Check for the schema.

In [35]:
%%bigquery
SELECT column_name, data_type
FROM `racing.INFORMATION_SCHEMA.COLUMNS`
WHERE table_name = 'race_results'
ORDER BY ordinal_position

  query_result = wait_for_query(self, progress_bar_type, max_results=max_results)
  record_batch = self.to_arrow(


Unnamed: 0,column_name,data_type
0,participants,"ARRAY<STRUCT<splits ARRAY<FLOAT64>, name STRING>>"
1,race,STRING


The participant field is STRUCT. In BigQuery STRUCT is called RECORD. From the schema, which field is the array? the participants.splits is the answer.

Let see our data in race_results table.

In [25]:
%%bigquery
SELECT * FROM racing.race_results

  query_result = wait_for_query(self, progress_bar_type, max_results=max_results)
  record_batch = self.to_arrow(


Unnamed: 0,participants,race
0,"[{'splits': [23.4, 26.3, 26.4, 26.1], 'name': ...",800M


There are some runners with the race time on 800m race.

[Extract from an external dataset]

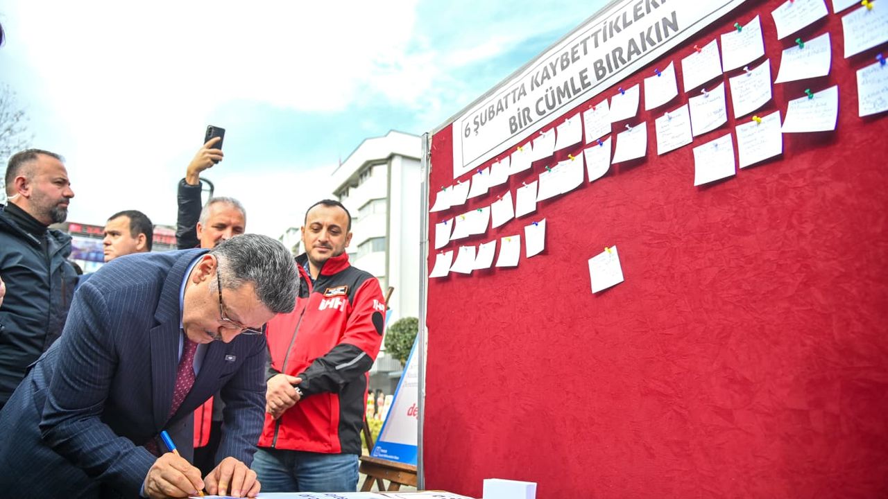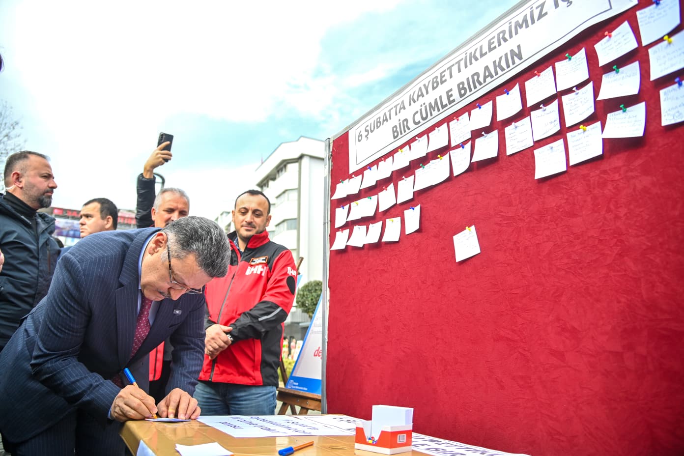 Trabzon Valisi Tahir Şahin ise, “Deprem konutlarının yapımları tamamlandı. Toplumsal iyileşmemizi sağlamamız gerekiyordu bu da birliktelikle sağlandı. Depremin ilk günü Hatay’daydım, yaklaşık 4 ay depremin ilk anını yaşayarak mücadele ettik. Biz oralarda Trabzonlu hemşehrilerimizden ve tüm ülkemizden gelen yardımlarla acıyı paylaştık. Bugün Trabzon’da üniversitemizin ön görebilmek adına çok kıymetli çalışmalar yaptığına şahit olduk. Bu noktada şehrin bütün dinamikleri ile Büyükşehir Belediyemizin, ilçe belediyelerimizin imkan ve kabiliyetleri ile şehrimizde oluşabilecek riskleri önceden ön görebilen bir yönetim anlayışı ile memleketimize hizmet etmeye gayret edeceğiz” diye konuştu. Katılımcılar, depremde ölenleri anmak için alanda kurulan '6 Şubat'ta kaybettiklerimiz için bir cümle bırakın' başlıklı panoya, duygularını yazdıkları not kağıtları yapıştırdı.

We can find the name of each runner by executing this query.

In [28]:
%%bigquery
SELECT race, participants.name
FROM racing.race_results
CROSS JOIN
race_results.participants

  query_result = wait_for_query(self, progress_bar_type, max_results=max_results)
  record_batch = self.to_arrow(


Unnamed: 0,race,name
0,800M,Rudisha
1,800M,Makhloufi
2,800M,Murphy
3,800M,Bosse
4,800M,Rotich
5,800M,Lewandowski
6,800M,Kipketer
7,800M,Berian


We can modify the query by replacing CROSS JOIN with a comma.

In [29]:
%%bigquery
SELECT race, participants.name
FROM racing.race_results AS r, r.participants

  query_result = wait_for_query(self, progress_bar_type, max_results=max_results)
  record_batch = self.to_arrow(


Unnamed: 0,race,name
0,800M,Rudisha
1,800M,Makhloufi
2,800M,Murphy
3,800M,Bosse
4,800M,Rotich
5,800M,Lewandowski
6,800M,Kipketer
7,800M,Berian


It shows the same result.

Use COUNT syntax to know how many runner take a part in this race.

In [31]:
%%bigquery
SELECT COUNT(p.name) AS racer_count
FROM racing.race_results AS r, UNNEST(r.participants) AS p

  query_result = wait_for_query(self, progress_bar_type, max_results=max_results)
  record_batch = self.to_arrow(


Unnamed: 0,racer_count
0,8


There are 8 runner on 800m race.

Lets go deeper. We want to list the total race time for racers whose names begin with R.

In [33]:
%%bigquery
SELECT
  p.name,
  SUM(split_times) as total_race_time
FROM racing.race_results AS r
, UNNEST(r.participants) AS p
, UNNEST(p.splits) AS split_times
WHERE p.name LIKE 'R%'
GROUP BY p.name
ORDER BY total_race_time ASC

  query_result = wait_for_query(self, progress_bar_type, max_results=max_results)
  record_batch = self.to_arrow(


Unnamed: 0,name,total_race_time
0,Rudisha,102.2
1,Rotich,103.6


There are 2 runner name begin with R. To do this query we have to unpacking the array with UNNEST().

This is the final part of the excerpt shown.